(Source records)
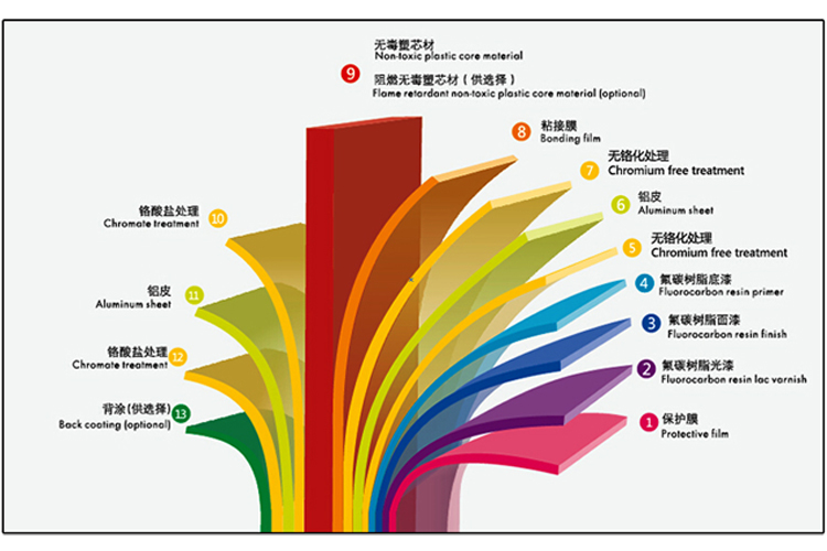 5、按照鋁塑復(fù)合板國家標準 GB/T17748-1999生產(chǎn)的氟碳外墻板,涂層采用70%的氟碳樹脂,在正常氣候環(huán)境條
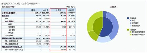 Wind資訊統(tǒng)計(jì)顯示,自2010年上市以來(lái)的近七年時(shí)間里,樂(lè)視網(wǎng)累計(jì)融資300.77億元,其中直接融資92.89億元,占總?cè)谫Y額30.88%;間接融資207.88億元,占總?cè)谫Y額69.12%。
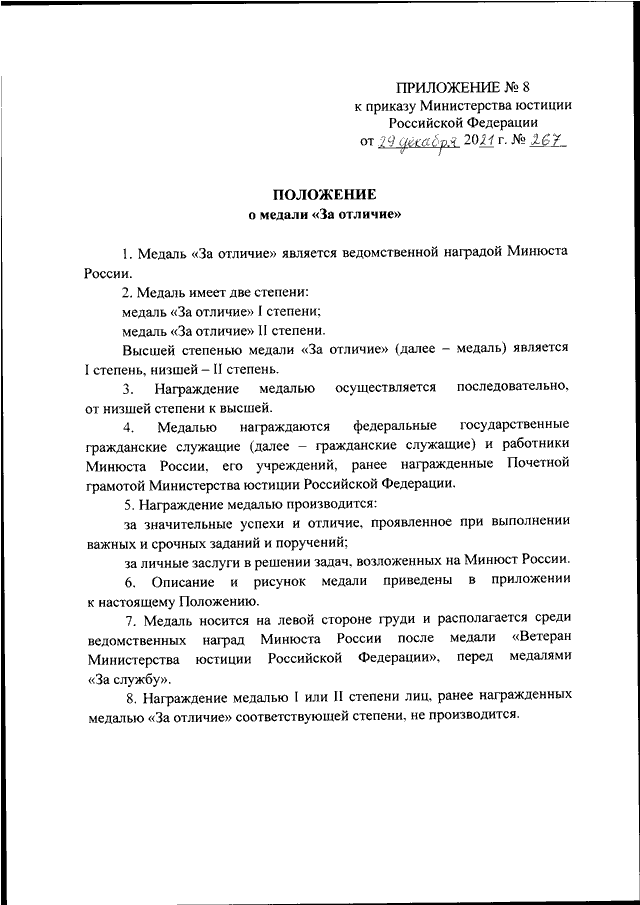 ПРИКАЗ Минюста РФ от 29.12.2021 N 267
(End Source records)
(Source records)
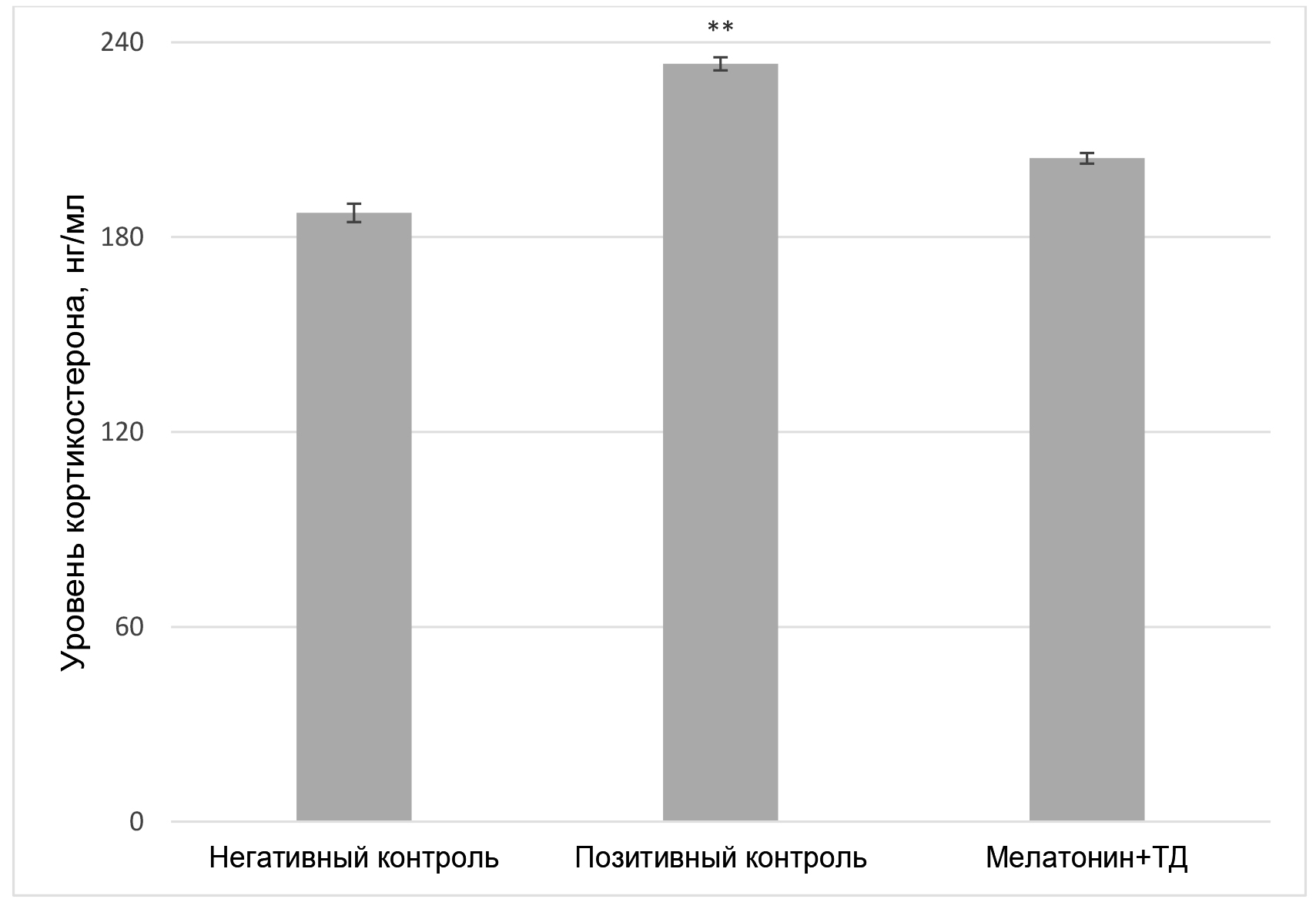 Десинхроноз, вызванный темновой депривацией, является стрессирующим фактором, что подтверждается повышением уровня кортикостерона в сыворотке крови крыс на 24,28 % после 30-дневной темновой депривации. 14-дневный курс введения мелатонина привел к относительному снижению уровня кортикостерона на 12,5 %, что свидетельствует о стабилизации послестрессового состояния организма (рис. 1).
(End Source records)
(Source records)
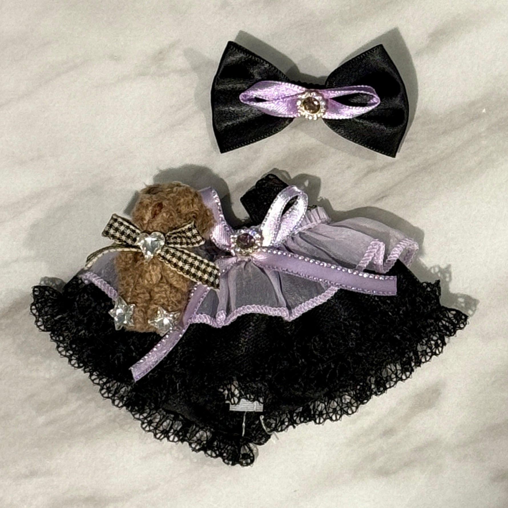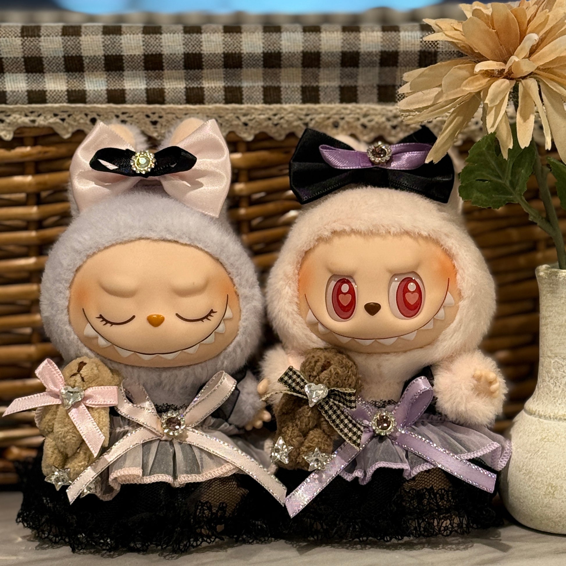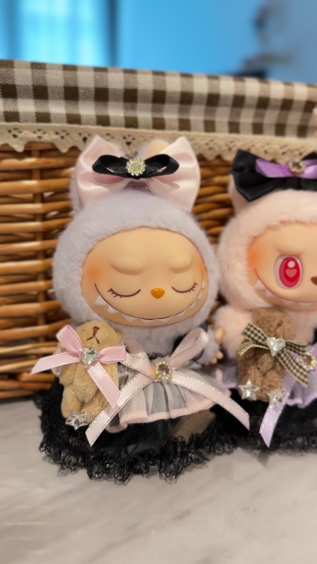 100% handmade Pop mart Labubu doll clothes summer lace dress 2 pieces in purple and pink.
(End Source records)
Problem description: What are the lines above from the one with "Wind資訊統(tǒng)計" to the one with "ПРИКАЗ Минюста РФ от 29.12.2021 N 267", both included? Reproduce them exactly, without pictures.

Answer to this problem:
 Wind資訊統(tǒng)計(jì)顯示,自2010年上市以來(lái)的近七年時(shí)間里,樂(lè)視網(wǎng)累計(jì)融資300.77億元,其中直接融資92.89億元,占總?cè)谫Y額30.88%;間接融資207.88億元,占總?cè)谫Y額69.12%。
 ПРИКАЗ Минюста РФ от 29.12.2021 N 267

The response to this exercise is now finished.